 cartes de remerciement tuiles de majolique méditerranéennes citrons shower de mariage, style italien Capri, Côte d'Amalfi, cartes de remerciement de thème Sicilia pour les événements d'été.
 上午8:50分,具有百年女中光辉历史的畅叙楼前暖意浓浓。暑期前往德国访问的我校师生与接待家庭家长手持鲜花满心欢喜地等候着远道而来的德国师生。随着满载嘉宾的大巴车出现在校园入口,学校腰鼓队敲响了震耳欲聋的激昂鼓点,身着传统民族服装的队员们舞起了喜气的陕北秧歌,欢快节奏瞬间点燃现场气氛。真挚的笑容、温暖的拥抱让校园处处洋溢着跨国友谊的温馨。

...

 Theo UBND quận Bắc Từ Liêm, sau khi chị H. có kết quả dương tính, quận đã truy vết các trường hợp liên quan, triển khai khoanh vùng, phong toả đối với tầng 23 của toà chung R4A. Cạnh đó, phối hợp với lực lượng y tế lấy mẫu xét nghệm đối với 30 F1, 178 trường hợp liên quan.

■ **Exercise directions**:
All that is wanted is an exact copy of the lines above from the one with "cartes de remerciement tuiles" through the one with "上午8:50分,具有百年女中", with both ends included.

■ **Output below**:
 cartes de remerciement tuiles de majolique méditerranéennes citrons shower de mariage, style italien Capri, Côte d'Amalfi, cartes de remerciement de thème Sicilia pour les événements d'été.
 上午8:50分,具有百年女中光辉历史的畅叙楼前暖意浓浓。暑期前往德国访问的我校师生与接待家庭家长手持鲜花满心欢喜地等候着远道而来的德国师生。随着满载嘉宾的大巴车出现在校园入口,学校腰鼓队敲响了震耳欲聋的激昂鼓点,身着传统民族服装的队员们舞起了喜气的陕北秧歌,欢快节奏瞬间点燃现场气氛。真挚的笑容、温暖的拥抱让校园处处洋溢着跨国友谊的温馨。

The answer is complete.